Those who knew Beth Mahn best described her as “the ultimate public servant.”
She was elected to nine consecutive terms as the Jefferson County Collector.
“I was elected after her and worked directly with her for many years,” former county assessor Randy Holman said. “She was always early, stayed late, was very well organized and on time with billing. She was a great example of leadership.
“She was a collector in the years when the county nearly doubled in size,” former Missouri state senator Bill McKenna said. “And I don’t remember anything I ever heard or read that she didn’t do well.”
Mahn died April 30 at age 67 from complications of amyotrophic lateral sclerosis (ALS), also known as Lou Gehrig’s disease.
She graduated from Cor Jesu High School and Jefferson College before going to work in a bank in Eureka.
“In the early 1980s, (Jefferson County) Treasurer Ernie Gilbert recruited her to work as his assistant,” said Mike Burch, her husband of 33 years. “Ernie encouraged her to come forward as a collector when Earl Toulouse retired after thirty years. He thought she would be a good candidate.
One of seven candidates in the 1986 Democratic primary, she won 46% of the vote and easily beat the Republican candidate in the general election.
“She was re-elected eight times unopposed,” Burch said. “She was the last elected Democrat in the county. It shows how good a job she did.

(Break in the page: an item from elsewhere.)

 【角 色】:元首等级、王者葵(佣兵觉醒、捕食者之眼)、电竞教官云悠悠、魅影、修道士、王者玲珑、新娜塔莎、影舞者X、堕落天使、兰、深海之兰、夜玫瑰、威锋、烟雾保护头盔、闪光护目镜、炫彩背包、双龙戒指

Holman served on the Missouri Tax Commission and attended collectors’ conferences with Mahn.
“She was always so well prepared,” he said. “She wouldn’t just come and say, ‘We want to do this’ – she came with data, explanations and resources. She played a very important role in the development of a handbook for collectors, and she was responsible for many pieces of legislation aimed at making the tax process fairer for taxpayers.
Michelle Worth was Mahn’s assistant for 10 years before taking over in 2020 when she retired.

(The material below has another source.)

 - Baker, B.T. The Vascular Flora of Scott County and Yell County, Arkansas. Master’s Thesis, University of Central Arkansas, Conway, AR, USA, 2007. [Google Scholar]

“She was not just my boss, but my mentor and my friend,” Worth said. “When she walked into a room, people respected her because of her composure and her competence and all her knowledge. She had seasonal employees who came back every year because they liked working in that office. Many have ended up becoming full-time employees, and it shows how she ran the office.

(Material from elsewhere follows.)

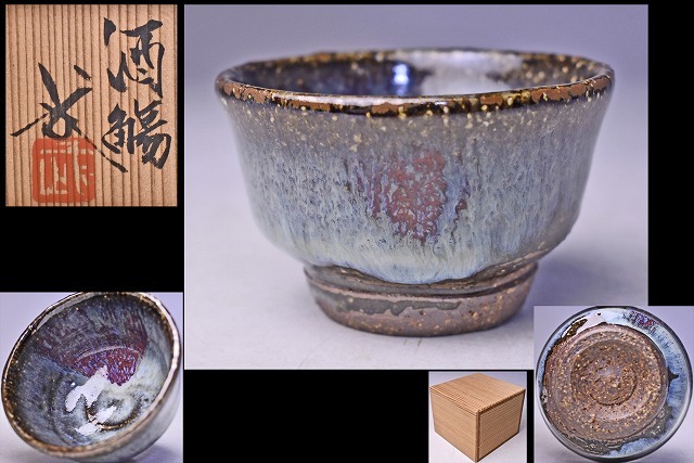 > 河井武一 ★ 灰釉ぐい呑 ★ 共箱 ★ 斑釉の様な景色の重厚感のある上手作 ★ 師:河井寛次郎 ★ 民芸 ★検 河井博次 河井敏孝 ★

Worth said Mahn was forward-thinking.
“When she started, all the records were kept on cards,” Worth said. “The first thing she did was put them on a computer. She has always been interested in new technologies that can improve your processes.
“Where she’s taken this office in the 30 years she’s worked here is amazing.”
Mahn has made it a point to be accessible to his constituents.
“She had her name and phone number in the phone book,” her husband said. “I don’t think you’ll find too many officials like that. Even when everyone had cell phones, she didn’t eliminate the phone from the house. She said, “I want people to be able to find me.”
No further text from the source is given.